Adaptive KLT

KLT is signal content dependent. The KLT transform matrix is derived based on the inter-channel statistical attributes of a multichannel programme. Since the inter-channel statistical attributes vary significantly for different programme, the signal-sensitivity ensures KLT achieve better audio quality than fixed-matrix transform in the context of HBL [P3]. The inter-channel statistical attributes also vary over time. In this work, an Audio Library consists of 140 multichannel audio excerpts was used. These excerpts were collected from more than fifty tracks and their time duration varied from 3s to 41s. The short-term KLT matrix of these excerpts were analysed using a novel visualisation technique. It was found that in many excerpts, even in very short excerpts, the KLT matrix varied considerably over time, see examples in Figure 1.

Figure 1: Adaptive-KLT matrix coefficients analysis

This originated an idea that the KLT matrix should be updated adaptively over time in KLT-based HBL. However, the following questions needed to be answered:

1. How frequently should the KLT matrix be updated?

2. What kinds of perceptual effects would adaptive KLT cause?

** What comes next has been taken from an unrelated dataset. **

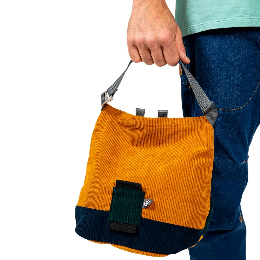 The iconic Gulp VS Chalk Bucket is highly favuored by bouldering enthusiasts for its blend of style and practicality. It features two brush holders, a spacious and convenient pocket, and an innovative magnetic closure that ensures easy access while preventing chalk spills. This thoughtfully designed bag is imported and built to meet the demands of serious climbers.

In order to answer these questions, a series of listening tests was carried out. The first listening test aimed to compare the global audio quality degradation, in term of Basic Audio Quality (BAQ), caused by non-adaptive KLT and adaptive-KLT-based HBL. For adaptive KLT, the time window length varied from 2ms to 2000ms. The results showed that: for the adaptive KLT, when the adaptation rate increases, the BAQ score tends to decrease. The adaptive KLT processing resulted in better audio quality compared with non-adaptive KLT, see Figure 2.

Figure 2: Basic Audio Quality for different processing

However, the adaptive KLT process introduced some other artefacts, which are related to the adaptation rate. When the adaptation rate was relatively slow, dynamic spatial distortion was perceived in the form of moving image and sources. When the adaptation rate was very high, timbral distortions were predominant, see Figure 3.

Figure 3: Perceptual attributes for different processing

This work is reported in detail in [P4].